Dataset extract

____________________

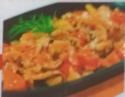
СЕФУДО-ЯСАЙ ТЭЛПАН ЯКИ 360р. жареные морепродукты с овощами, 250г
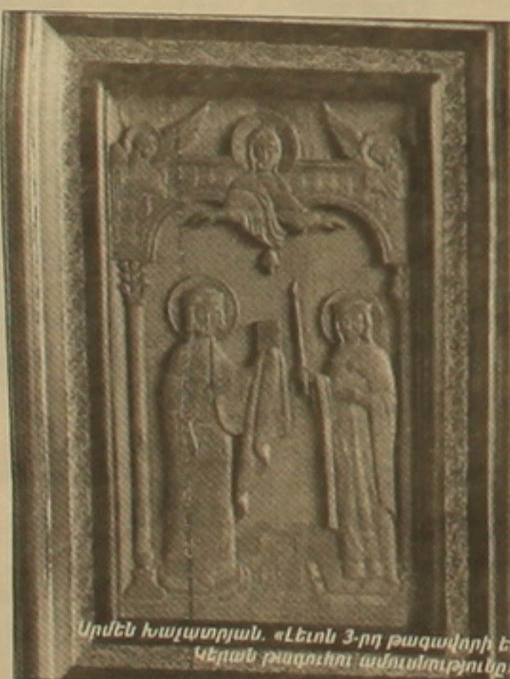
Արմեն Խաչատրյան. «Լեւոն 3-րդ թագավորի եւ Կեղան թագուհու ամուսնությունը»

Արմեն ընտրել է փայտանյութի երկու տեսակ՝ մուգ, երկարակյաց ընկուզենի եւ ժամանակի մեջ համաչափորեն զուսնափոխվող՝ սոխակից միջնաճակ արվեստից սանճեթի: Փայտի բնականությունն ու ջերմությունն օր-օրի կյանքում է նրան, հարազատանում, որին նա նր կյանքում ու նշանակություն է հարդորում, սովորական առօրյակյանությունից փոխադրում հոգեւոր, բարձր ոլորտ:

____________________

Exercise brief
Only the text of the material belongs in your copy, which must match the original exactly.

Result for this task
СЕФУДО-ЯСАЙ ТЭЛПАН ЯКИ 360р. жареные морепродукты с овощами, 250г
Արմեն Խաչատրյան. «Լեւոն 3-րդ թագավորի եւ Կեղան թագուհու ամուսնությունը»

Արմեն ընտրել է փայտանյութի երկու տեսակ՝ մուգ, երկարակյաց ընկուզենի եւ ժամանակի մեջ համաչափորեն զուսնափոխվող՝ սոխակից միջնաճակ արվեստից սանճեթի: Փայտի բնականությունն ու ջերմությունն օր-օրի կյանքում է նրան, հարազատանում, որին նա նր կյանքում ու նշանակություն է հարդորում, սովորական առօրյակյանությունից փոխադրում հոգեւոր, բարձր ոլորտ:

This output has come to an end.